L’Arche Marengo et ses alentours sont complètements bouclés par les cordons policiers. Après avoir franchi le premier, un second cordon sous l’Arche nous amène dans « la zone tampon ». Là, des manifestants ont pu se faufiler à travers les mailles du filet du dispositif de sécurité plus tôt en matinée. Stoppé près de la médiathèque par les policiers, un barbecue et des chaises ont été installé par les intermittents. Au dernier étage des espaces Vanel, des individus sur la terrasse panoramique observent avec curiosité.

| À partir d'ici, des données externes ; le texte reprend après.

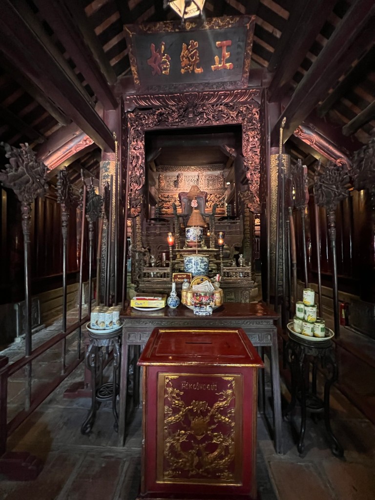 The temple was built in Dinh Dynasty, consisting of 2 floors with 8 roofs. However, the temple was rebuilt in 1998 on the original foundations. The temple holds the ancient bell with the words “Phu Nghi Tu Chung”. This was cast in the second Thiệu Trị era (1842). Next to the corridor of the temple grounds there is a stone tablet.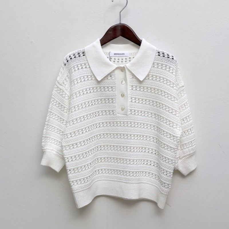EMMACULATE エマキュレイト レース パフスリーブ 襟付き ニット プルオーバー ホワイト 2261K-52430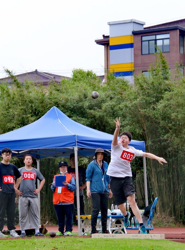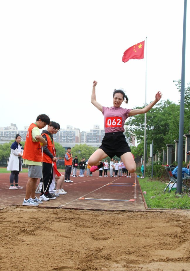 本次运动会阵容再创新高,共有1398人参与开幕式表演,学生运动员723人,教工运动员267人,运动会总参与人次达2200。赛场上,选手们个个精神抖擞,顽强拼搏;场下,欢呼声、加油声此起彼伏,各项比赛现场气氛热烈,高潮迭起,大家尽情享受运动和竞技带来的喜悦和感动,体会竞技运动与团队合作的双重快乐。本次运动会上,学生男子100米项目中来自金融专业的程思睿同学以11秒43打破该项目校运会记录,来自助产专业的童欣怡同学以4米35的好成绩打破学生女子跳远校运会记录,建筑系教师陈仙鸿在教工男子组铅球比赛中以10米91的好成绩打破校运会记录。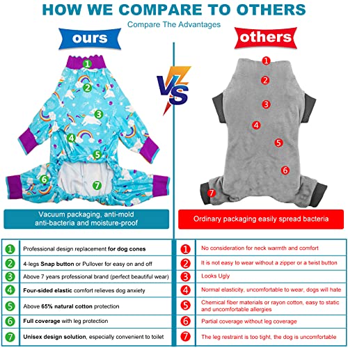 INNOVATIVE DESIGN PROTECTION – Dinosaur Decoration Crew Neck Design: This cute large dog jammies with starlight rainbow wild horse prints design. The collar adopts a lovely petal design, and the four-leg cuffs are designed with micro-puff sleeves. Very suitable for dogs as pjs or party wear. Without a doubt, your Dog will definitely become the most eye-catching one.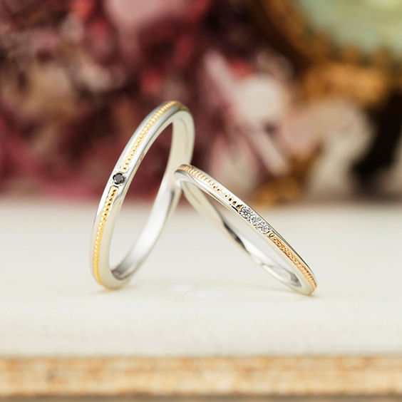 精巧なミル打ちが施された結婚指輪(マリッジリング)。繊麗な印象を受ける細身のデザインに並んだダイヤモンドのさりげない輝きが美しい。きれいに並んだミル打ち加工が、リングデザインのポイント。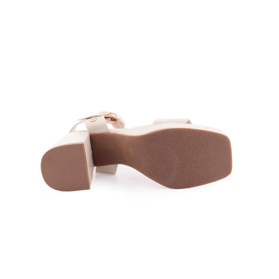 Sandália para senhora, com salto largo. Salto com 10cm de altura.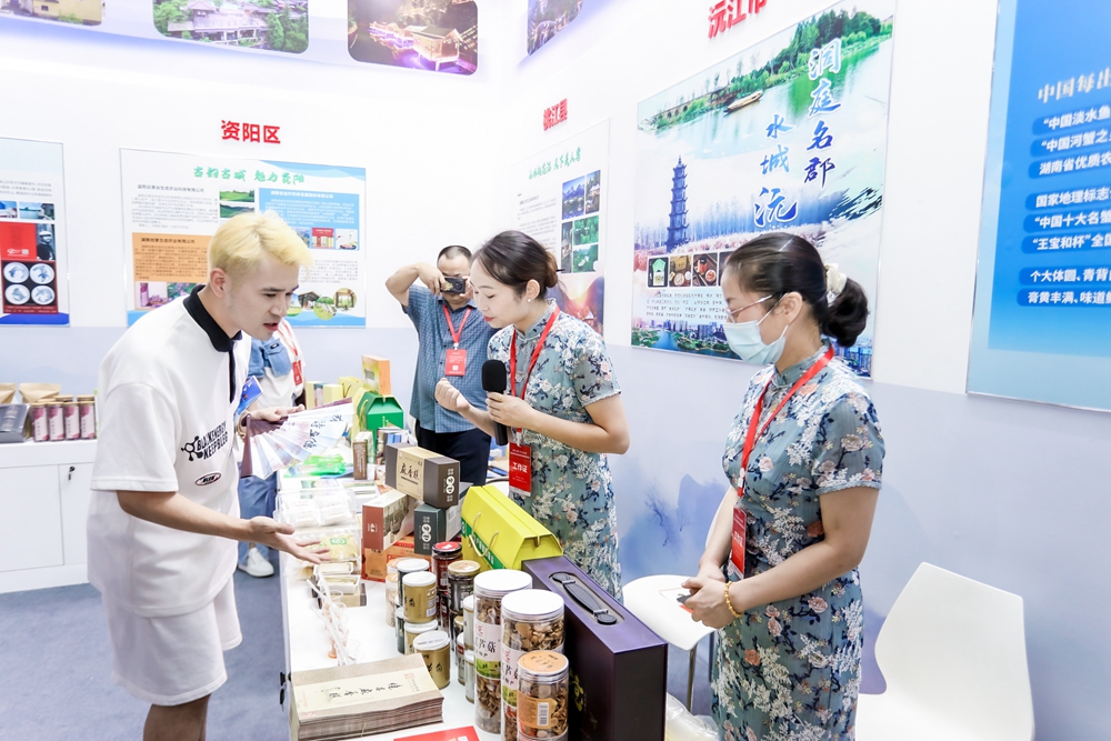 在每个展位上,各单位和企业精心挑选了具有本地特色的产品予以推介。益阳展区人气旺盛,一大波网红达人逐个展位巡展直播,直播平台大量粉丝围观发言,起到了良好的宣传推介效果。在企业展区,博恩新材料有限公司展出的“星云舰·文旅仓”旅游民宿产品设立在博览会现场入口位置,展现了益阳民宿设施设备建造水平。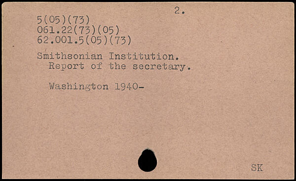 Smithsonian Institution. Report of the secretary.
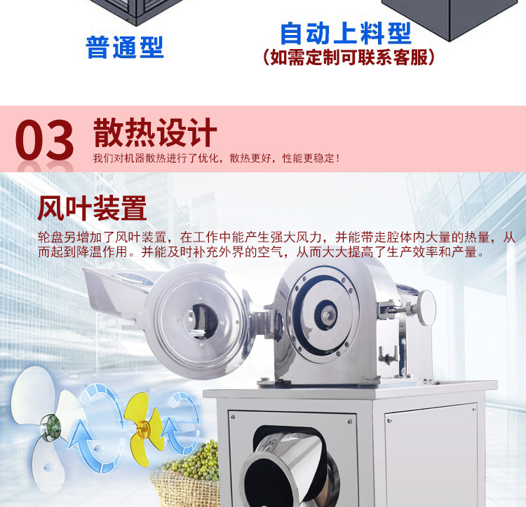 GN粉碎機(jī)利用渦輪盤(pán)帶動(dòng)活動(dòng)刀片對(duì)物料進(jìn)行撞擊、剪切,以及物料與物料、物料與齒圈的撞擊、摩擦進(jìn)行交替粉碎。輪盤(pán)另增加了風(fēng)葉裝置,在工作中能產(chǎn)生強(qiáng)大風(fēng)力,起到負(fù)壓上料功能,并能帶走腔體內(nèi)大量的熱量,并能及時(shí)補(bǔ)充外界的空氣,從而大大提高了生產(chǎn)效率和產(chǎn)量。

La médiathèque José Cabanis qui fait partie intégrante des espaces est fermée, sous couvert d’anonymat une personne qui y travaille s’interroge sur la « fermeture [d’un] service public, [pour des] intérêts privés? ».

Bienvenue à Gattacaz !

Une conférence de presse de Pierre Gattaz est organisée à 16h. Pour y accéder, il faut y montrer patte blanche. Là encore au cordon policier il faut montrer sa carte de presse. Après avoir franchi cette étape, plusieurs personnes du service de presse du Medef 31 relèvent votre identité pour savoir si vous êtes bien accrédité pour la conférence de presse. La logique peut paraitre absurde d’un certain point de vue: devoir se faire accréditer journaliste pour un moment consacré exclusivement à la presse. C’est un peu comme si on demandait à un policier en uniforme de prouver qu’il est bien fonctionnaire de police.

Comme un ministre

Au Medef 31, on sait bien recevoir. Pour monter au 6e étage, un agent de sécurité s’assure bien que vous montiez au bon niveau. Au préalable, on vous aura remis un bracelet de couleur rose très gay-friendly ! Au dernier étage des espaces Vanel, tout a été personnalisé: kakémono « Bienvenue au Medef 31 », goodies, fascicules. Un seul journal trône partout, c’est l’Opinion et les machines à café sont toutes proches. Dans l’espace principal où trône une tribune pour les tables-rondes, des stands d’entreprises dites innovantes. Robot, équipement militaire, alimentation à base d’insectes etc … Il est même possible d’acheter des œuvres d’arts contemporaines éparpillées dans tout le salon. Il faut débourser 1.300€ pour cette statuette éfilée à l’aspect humaine; « Tu veux l’acheter Kevin ? Par contre, il faudra un peu la nettoyer, c’est un peu rouillé! » me dit-on avec humour.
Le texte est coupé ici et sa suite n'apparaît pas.